Conceptos Básicos
By decomposing the appearance of a 3D scene into low-frequency and high-frequency components, the proposed method enables high-fidelity and transferable photorealistic editing of 3D scenes based on text instructions.
Resumen
The paper presents a novel approach for high-fidelity and transferable photorealistic editing of 3D scenes represented by neural radiance fields (NeRFs). The key insight is that the low-frequency components of images, which predominantly define the appearance style, exhibit enhanced multi-view consistency after editing compared to their high-frequency counterparts.
The proposed framework comprises two main branches: a high-frequency branch that preserves the content details, and a low-frequency branch that performs the style editing in the feature space. The low-frequency branch first extracts the low-frequency feature from the full scene feature map using a low-pass filter. Then, a stylization network edits the low-frequency feature according to the desired style. Finally, the edited low-frequency component is blended with the high-frequency details from the original scene to obtain the high-fidelity edited image.
This frequency-decomposed approach offers several advantages:
It enables high-fidelity editing by preserving the high-frequency details while performing consistent style transfer in the low-frequency space.
It allows for controllable editing by interpolating between the original and edited low-frequency features.

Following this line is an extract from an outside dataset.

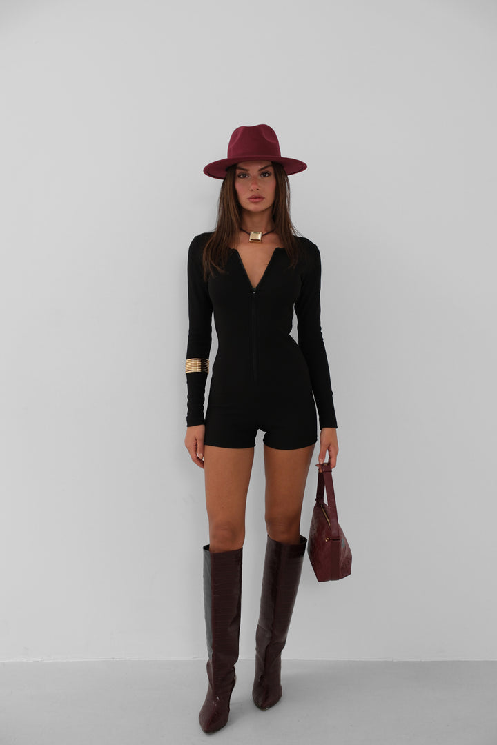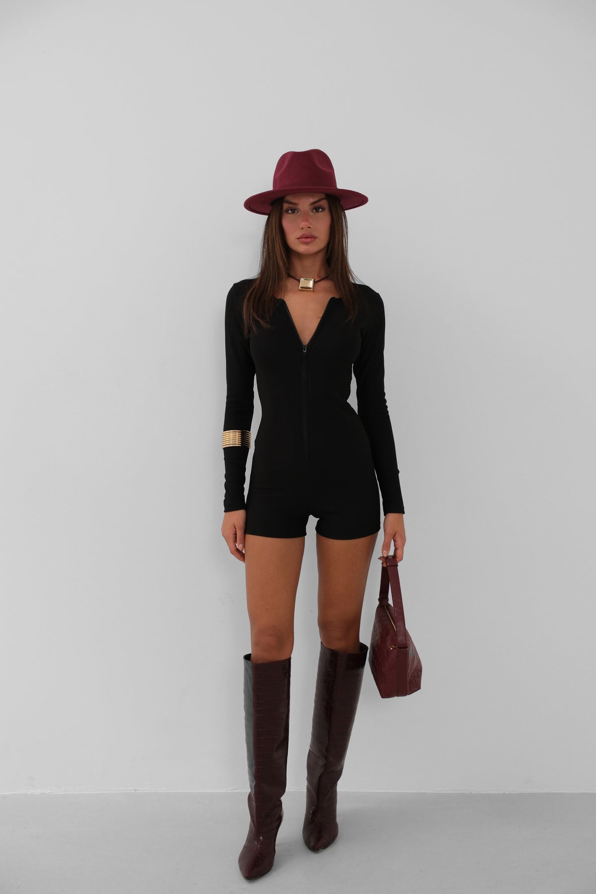 Şort Tulum, Fermuay Detay, Slim, Fashion, Likralı

The trained stylization module can be directly transferred to novel scenes without retraining, significantly reducing the workload of 3D scene editing.
The experiments demonstrate the superior performance of the proposed method in terms of multi-view consistency, image quality, and sharpness compared to previous NeRF editing approaches.
Estadísticas
The paper does not provide any specific numerical data or statistics. The key results are presented through qualitative visualizations and comparisons with baseline methods.